▶ [PROBLEM STATEMENT] Your job is to give again, exactly and with no additions, the lines in the records below from the one with "ЮЛИЯ огромный премиальный" through the one with "الِاحْتِيَاج إِلَيْهِ وَالِانْتِفَاع", both included. Omit the pictures.

▶ [SOURCE DATA]
Start of Block

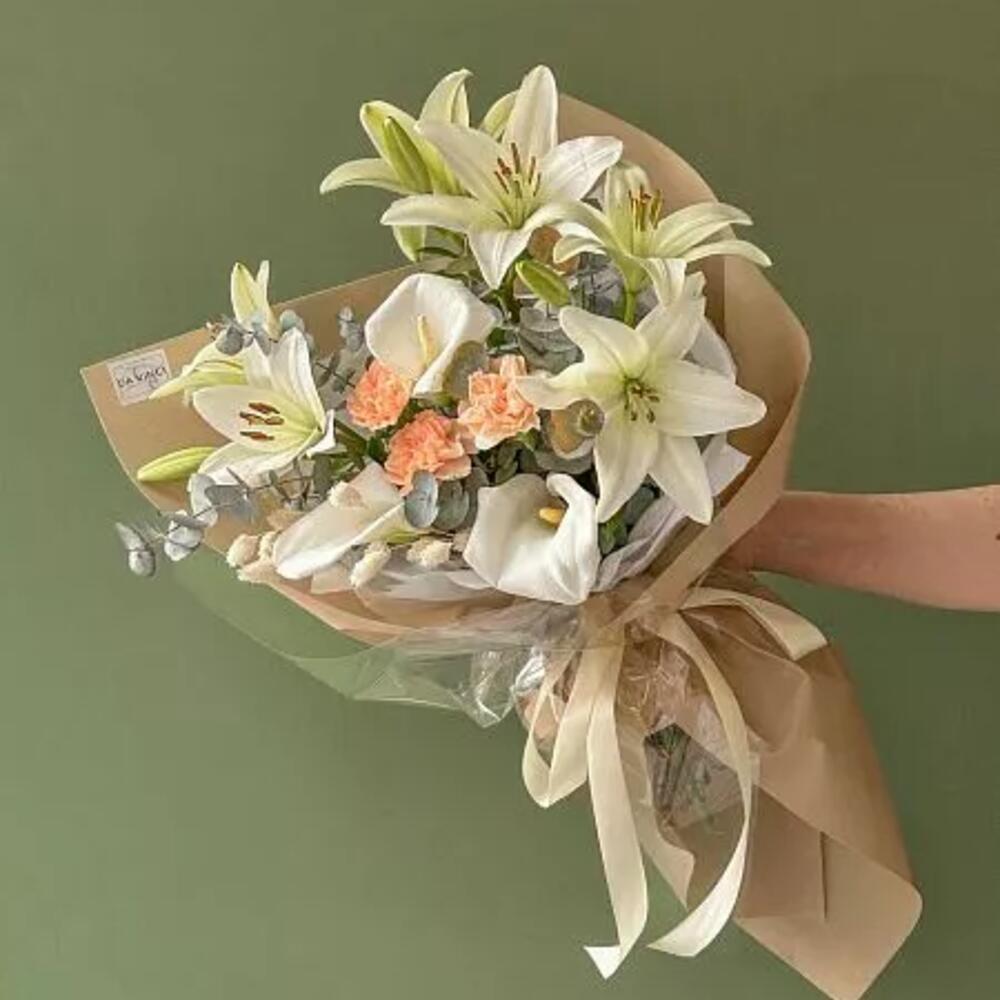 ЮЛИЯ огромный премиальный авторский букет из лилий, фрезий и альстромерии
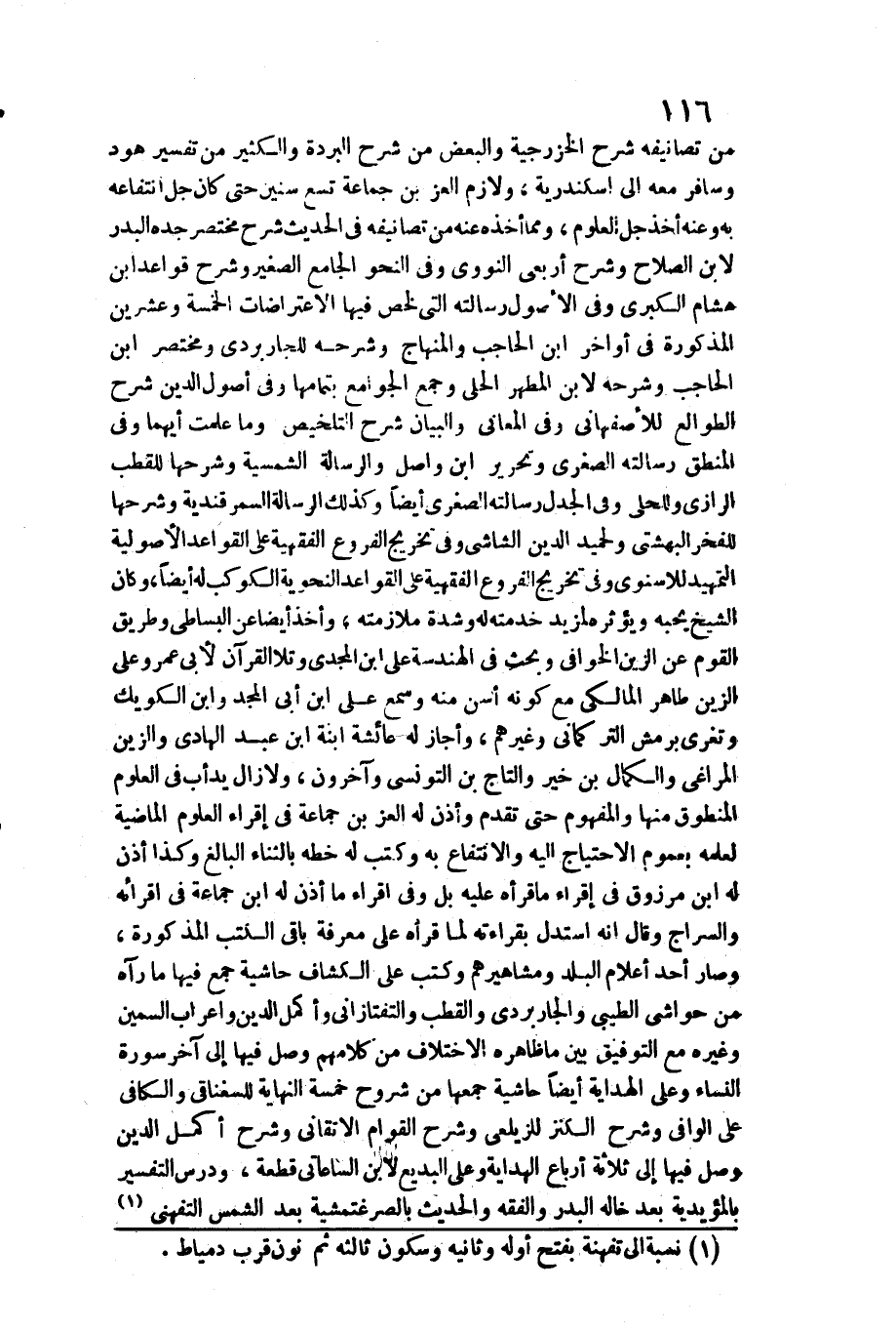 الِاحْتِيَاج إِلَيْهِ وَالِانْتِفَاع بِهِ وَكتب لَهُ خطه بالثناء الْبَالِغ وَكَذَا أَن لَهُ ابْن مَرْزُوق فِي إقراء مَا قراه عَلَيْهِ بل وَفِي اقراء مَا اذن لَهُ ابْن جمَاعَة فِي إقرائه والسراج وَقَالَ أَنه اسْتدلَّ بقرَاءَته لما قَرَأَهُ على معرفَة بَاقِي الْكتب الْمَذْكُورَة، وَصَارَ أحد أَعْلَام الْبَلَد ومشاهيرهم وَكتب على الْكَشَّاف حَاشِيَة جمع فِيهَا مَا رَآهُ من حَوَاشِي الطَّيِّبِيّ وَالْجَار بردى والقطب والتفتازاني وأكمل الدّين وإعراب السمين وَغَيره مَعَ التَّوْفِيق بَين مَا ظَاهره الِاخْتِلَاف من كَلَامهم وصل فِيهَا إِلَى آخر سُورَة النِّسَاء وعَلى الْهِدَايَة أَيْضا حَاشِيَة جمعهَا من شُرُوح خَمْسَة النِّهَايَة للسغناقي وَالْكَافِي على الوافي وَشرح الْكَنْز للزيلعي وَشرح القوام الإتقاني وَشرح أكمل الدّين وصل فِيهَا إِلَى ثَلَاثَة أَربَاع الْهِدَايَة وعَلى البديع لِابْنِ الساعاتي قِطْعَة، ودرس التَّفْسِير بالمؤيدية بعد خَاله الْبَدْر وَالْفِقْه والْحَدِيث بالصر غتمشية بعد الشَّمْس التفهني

End of Block
Start of Block

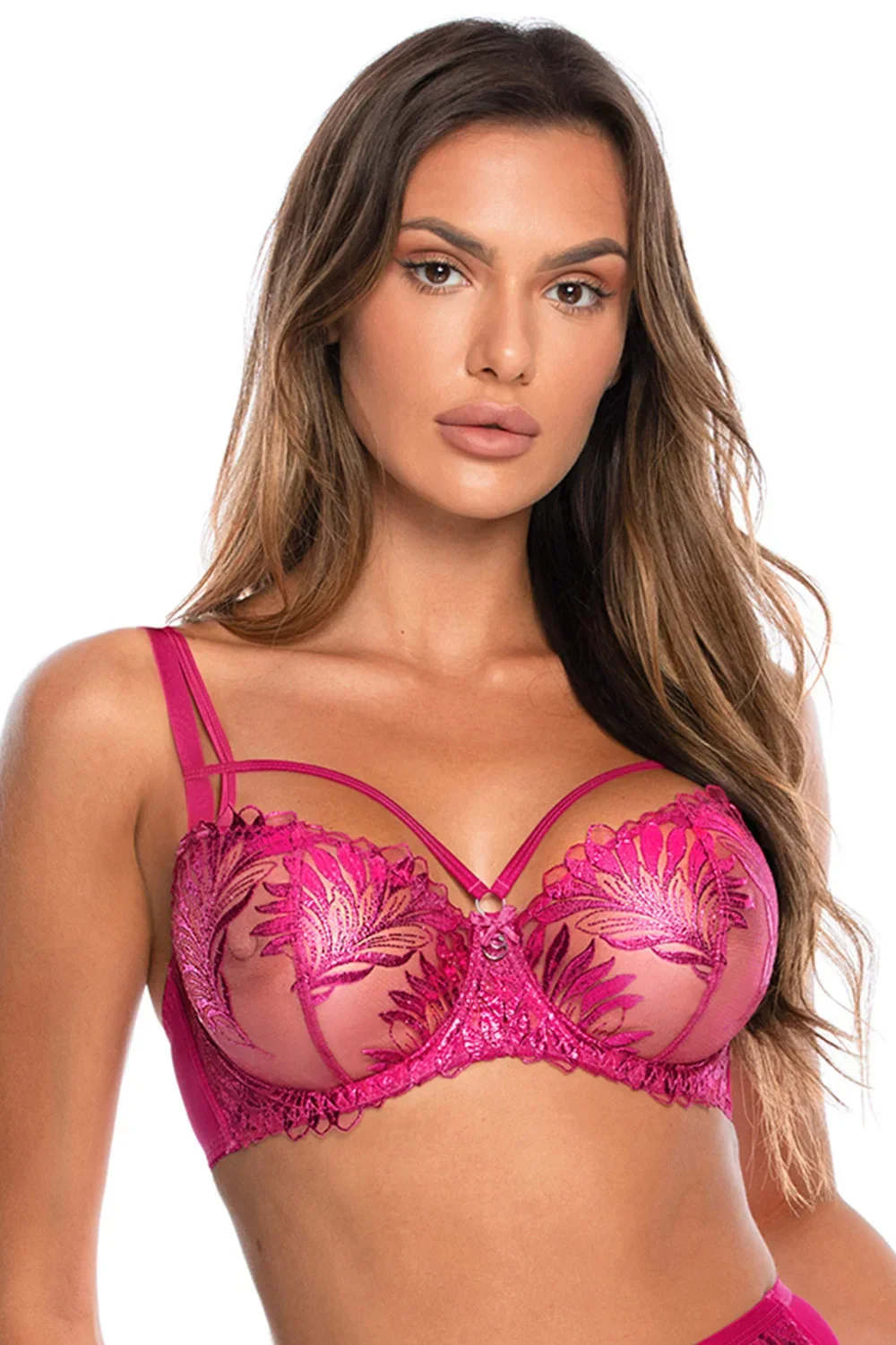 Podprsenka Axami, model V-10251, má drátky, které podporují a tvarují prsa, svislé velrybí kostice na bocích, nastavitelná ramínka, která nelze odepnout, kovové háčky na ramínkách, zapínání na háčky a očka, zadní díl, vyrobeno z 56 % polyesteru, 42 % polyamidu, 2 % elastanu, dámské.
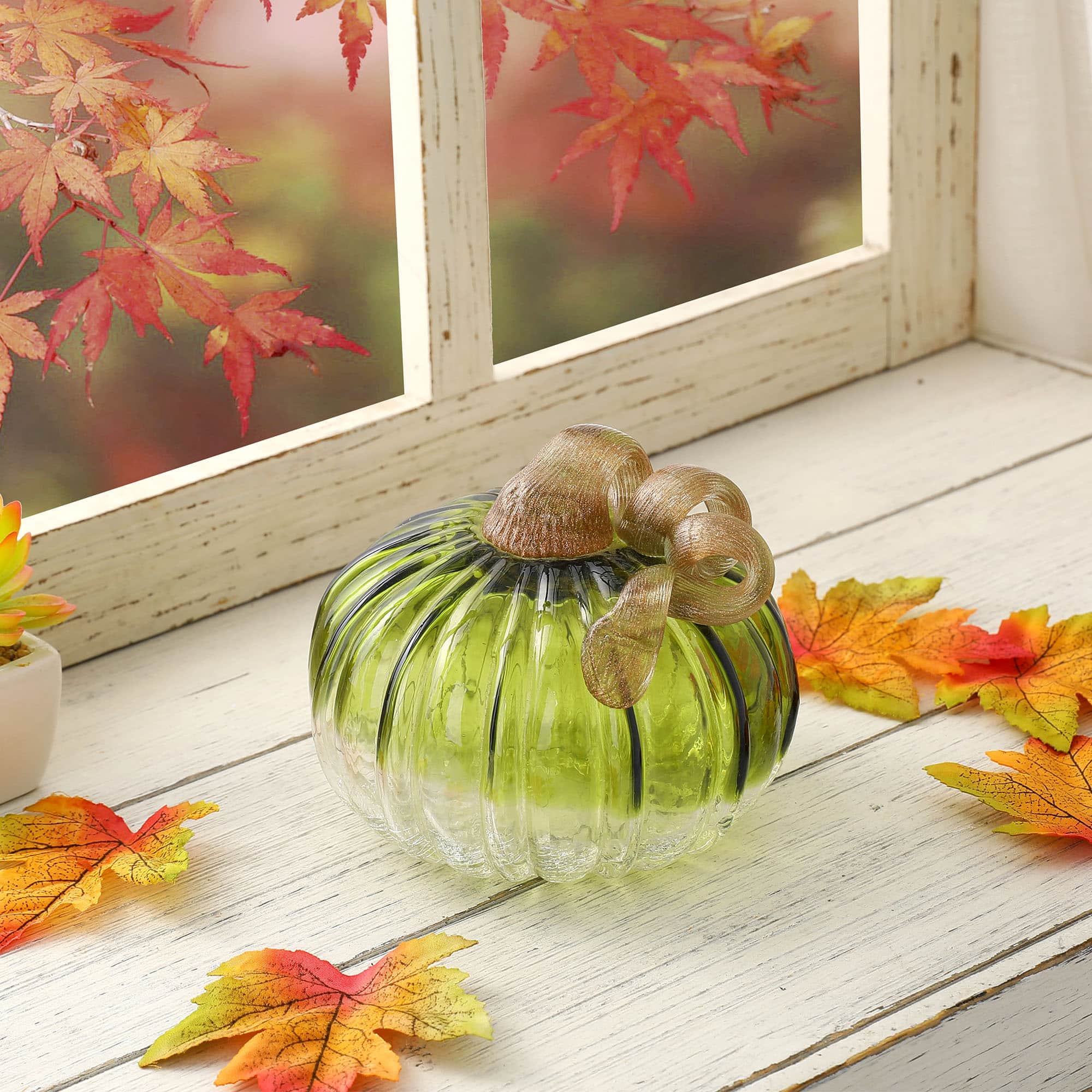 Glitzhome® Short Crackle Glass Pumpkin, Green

End of Block
Start of Block

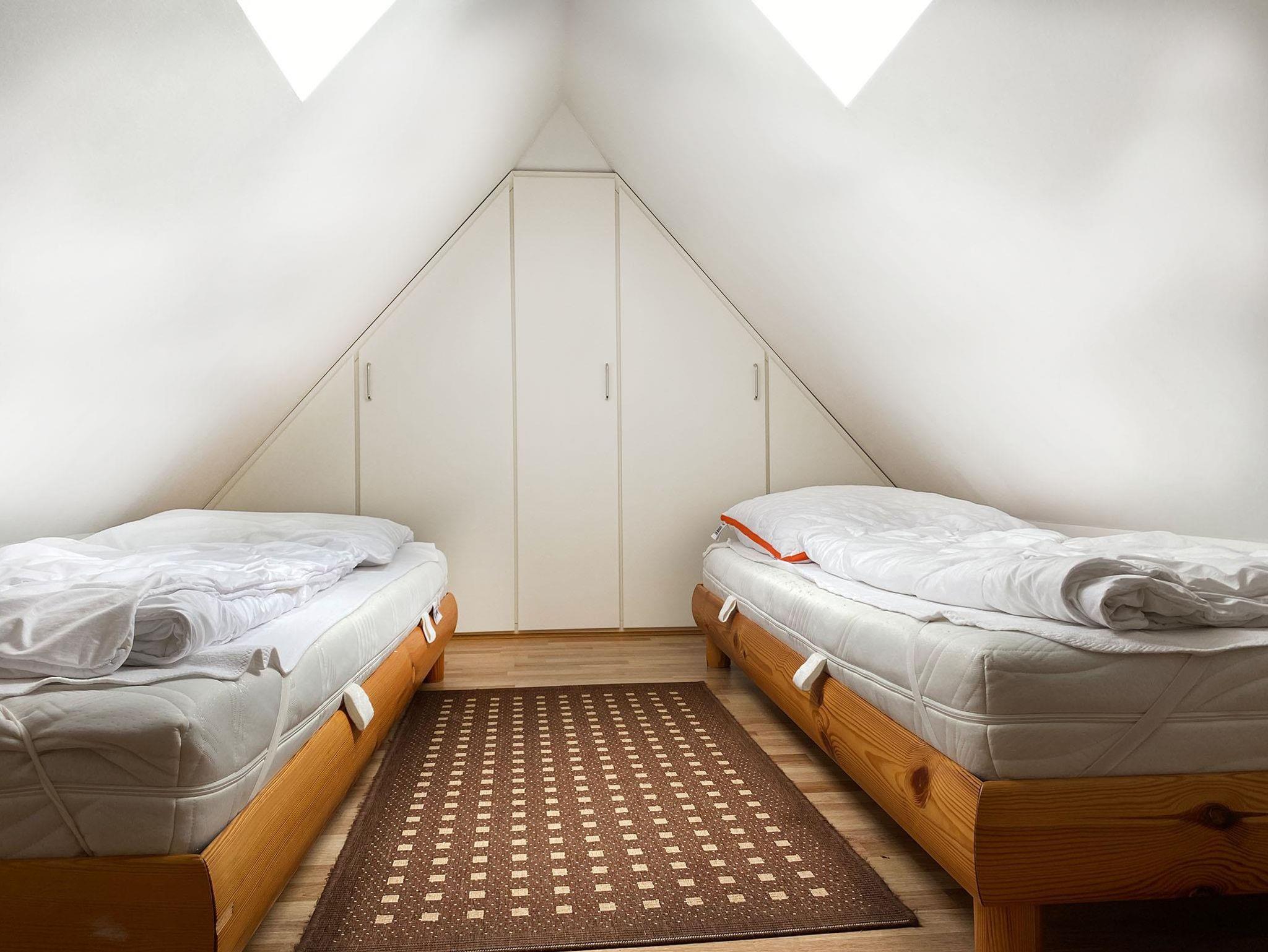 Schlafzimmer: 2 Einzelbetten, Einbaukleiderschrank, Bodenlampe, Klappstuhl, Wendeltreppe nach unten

End of Block

▶ [TASK RESPONSE]
 ЮЛИЯ огромный премиальный авторский букет из лилий, фрезий и альстромерии
 الِاحْتِيَاج إِلَيْهِ وَالِانْتِفَاع بِهِ وَكتب لَهُ خطه بالثناء الْبَالِغ وَكَذَا أَن لَهُ ابْن مَرْزُوق فِي إقراء مَا قراه عَلَيْهِ بل وَفِي اقراء مَا اذن لَهُ ابْن جمَاعَة فِي إقرائه والسراج وَقَالَ أَنه اسْتدلَّ بقرَاءَته لما قَرَأَهُ على معرفَة بَاقِي الْكتب الْمَذْكُورَة، وَصَارَ أحد أَعْلَام الْبَلَد ومشاهيرهم وَكتب على الْكَشَّاف حَاشِيَة جمع فِيهَا مَا رَآهُ من حَوَاشِي الطَّيِّبِيّ وَالْجَار بردى والقطب والتفتازاني وأكمل الدّين وإعراب السمين وَغَيره مَعَ التَّوْفِيق بَين مَا ظَاهره الِاخْتِلَاف من كَلَامهم وصل فِيهَا إِلَى آخر سُورَة النِّسَاء وعَلى الْهِدَايَة أَيْضا حَاشِيَة جمعهَا من شُرُوح خَمْسَة النِّهَايَة للسغناقي وَالْكَافِي على الوافي وَشرح الْكَنْز للزيلعي وَشرح القوام الإتقاني وَشرح أكمل الدّين وصل فِيهَا إِلَى ثَلَاثَة أَربَاع الْهِدَايَة وعَلى البديع لِابْنِ الساعاتي قِطْعَة، ودرس التَّفْسِير بالمؤيدية بعد خَاله الْبَدْر وَالْفِقْه والْحَدِيث بالصر غتمشية بعد الشَّمْس التفهني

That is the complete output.